# grayling - smith morehouse



## Kingfisher (Jul 25, 2008)

just noticed that DWR has put a bunch of grayling into smith and morehouse...
SMITH-MOREHOUSE RESSUMMITGRAYLING ARCTIC20010 2.408/25/2015

about 20 thousand 2.4 inchers...
so, anyone know the strategy here? why? already have small rainbows, some tigers and it is typically a put and take fishery due to the high pressure.


----------



## Trooper (Oct 18, 2007)

Grayling are present in the Weber and streams in the area and abundant in the upper lakes in the drainage (Sand, Round). SM itself is deep and shaded so it stays quite cold- they might do well there. It'd be a great lake for kids, if it fished a little better, and maybe the grayling will do well. I hope they do!


----------



## Catherder (Aug 2, 2008)

I don't know if there is any major "strategy" involved. They have put grayling in several popular lakes up there, including Trial and Washington. As those recent DWR surveys show, people like catching new species and they are not detrimental to existing native fish programs. I also believe they have been putting them in SM for a while. I've heard a couple reports of guys catching nicer size ones there. 

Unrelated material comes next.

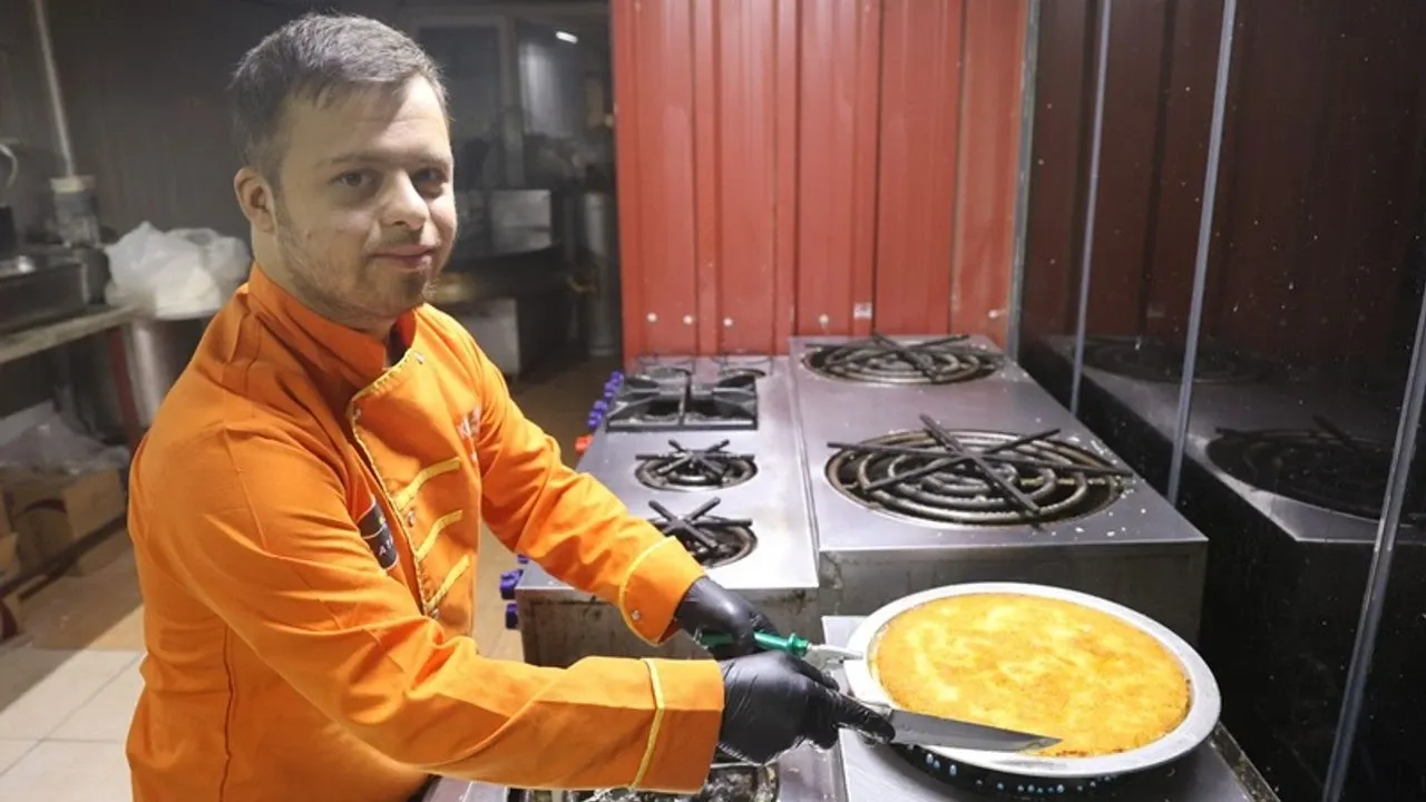 Down sendromlu Mehmet'in yaklaşık 6 aydır yanında çıraklık yaptığını söyleyen künefe ustası Müslüm Günal, "Ben yaklaşık 20 yıldır künefe ustasıyım ve 15 yıldır ise işletme sahibiyim. Künefe yapmayı aileden öğrendim. Künefenin içinde; kadayıf, yöreye ait tuzsuz peynir ve tereyağı kullanılır. Künefe, dünyanın en iyi tatlısı seçildi. Bu da bizim için gurur vericiydi, dünyanın en iyi tatlısı künefedir. Mehmet 21 yaşında down sendromludur ve aynı zamanda benim köylümdür. Her gün künefe yemeye yanıma gelirdi. Mehmet'i işe alarak künefe ustası yapmaya karar verdik. Mehmet, yaklaşık 6 aydır künefe yapmayı öğreniyor ve kendisinin özel müşterileri var. Hatay, gastronomi şehridir. Künefemiz zaten coğrafi tescil aldı. Künefe, 2025 yılının en iyi tatlısı seçildi. Bütün insanları Hatay'a gelip künefe yemeye davet ediyoruz. Mehmet ustanın ellerinden dünyanın en iyi tatlısını tatmalarını istiyoruz" ifadelerini kullandı.

As for them getting fished out due to general pressure, I kind of doubt it. Grayling are not too fond of eating gobs of powerbait and such , so I doubt the average "Joe 6 pack" is going to put much of a dent in the population. Many of the guys that catch them on flies will be C&R and while not terrible, I never thought they tasted as good as trout caught out of the same water, so I doubt even skilled anglers that want to harvest fish will take very many out.


----------



## rbq (Aug 31, 2015)

Last summer I was catching 3-4" grayling. In June I was catching 10-11" grayling on a fly & bubble. I wouldn't be surprised to see a new state record grayling come out of there in a few years with that many of them being stocked there.


----------